▶ **Assignment**:
Your output should be the complete listing, word for word, with no pictures in it.

(Data excerpt Opens)

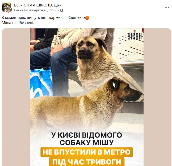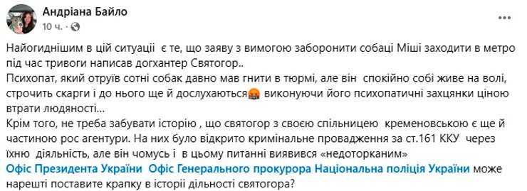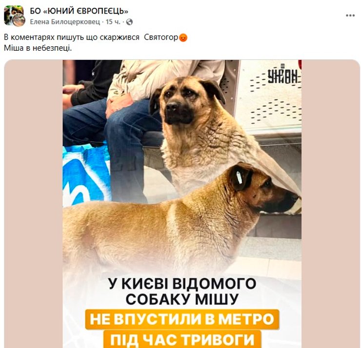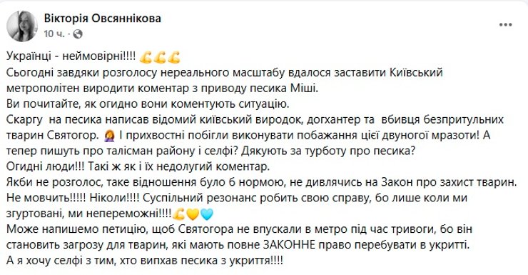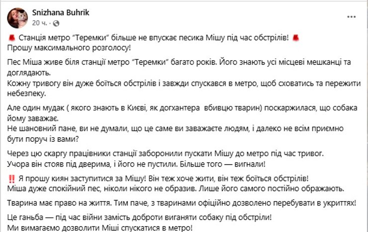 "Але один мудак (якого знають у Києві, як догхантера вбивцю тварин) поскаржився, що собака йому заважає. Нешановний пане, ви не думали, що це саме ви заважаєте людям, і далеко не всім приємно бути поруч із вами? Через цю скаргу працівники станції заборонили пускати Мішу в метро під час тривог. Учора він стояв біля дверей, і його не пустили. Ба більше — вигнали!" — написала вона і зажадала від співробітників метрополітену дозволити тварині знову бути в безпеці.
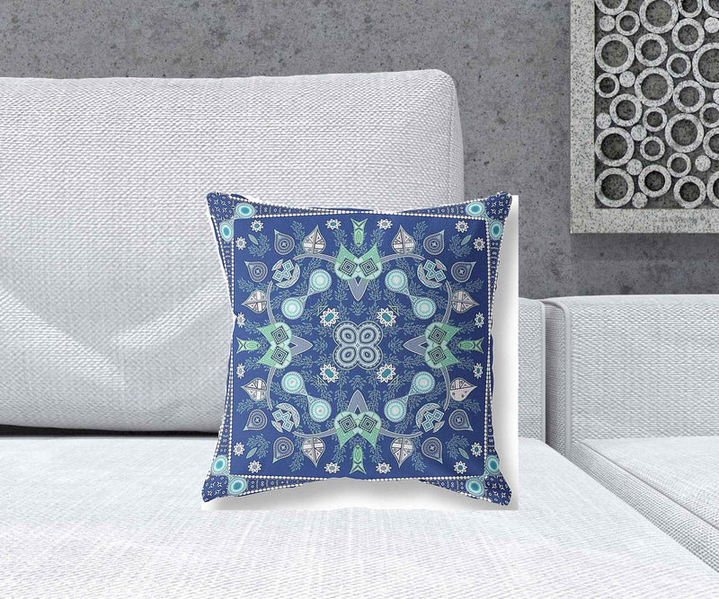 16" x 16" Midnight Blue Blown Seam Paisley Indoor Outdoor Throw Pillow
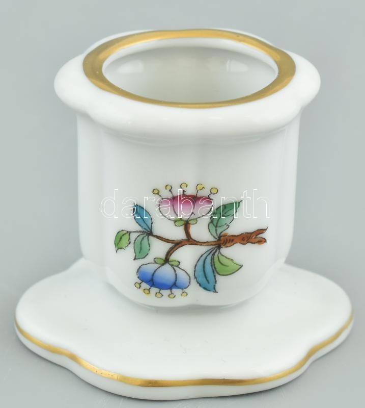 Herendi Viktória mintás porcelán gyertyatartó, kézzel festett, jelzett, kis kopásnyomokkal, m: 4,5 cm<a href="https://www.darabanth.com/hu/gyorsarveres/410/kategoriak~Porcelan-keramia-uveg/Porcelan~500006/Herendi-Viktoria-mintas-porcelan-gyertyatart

(Data excerpt Closes)

▶ **Task answer**:
 "Але один мудак (якого знають у Києві, як догхантера вбивцю тварин) поскаржився, що собака йому заважає. Нешановний пане, ви не думали, що це саме ви заважаєте людям, і далеко не всім приємно бути поруч із вами? Через цю скаргу працівники станції заборонили пускати Мішу в метро під час тривог. Учора він стояв біля дверей, і його не пустили. Ба більше — вигнали!" — написала вона і зажадала від співробітників метрополітену дозволити тварині знову бути в безпеці.
 16" x 16" Midnight Blue Blown Seam Paisley Indoor Outdoor Throw Pillow
 Herendi Viktória mintás porcelán gyertyatartó, kézzel festett, jelzett, kis kopásnyomokkal, m: 4,5 cm<a href="https://www.darabanth.com/hu/gyorsarveres/410/kategoriak~Porcelan-keramia-uveg/Porcelan~500006/Herendi-Viktoria-mintas-porcelan-gyertyatart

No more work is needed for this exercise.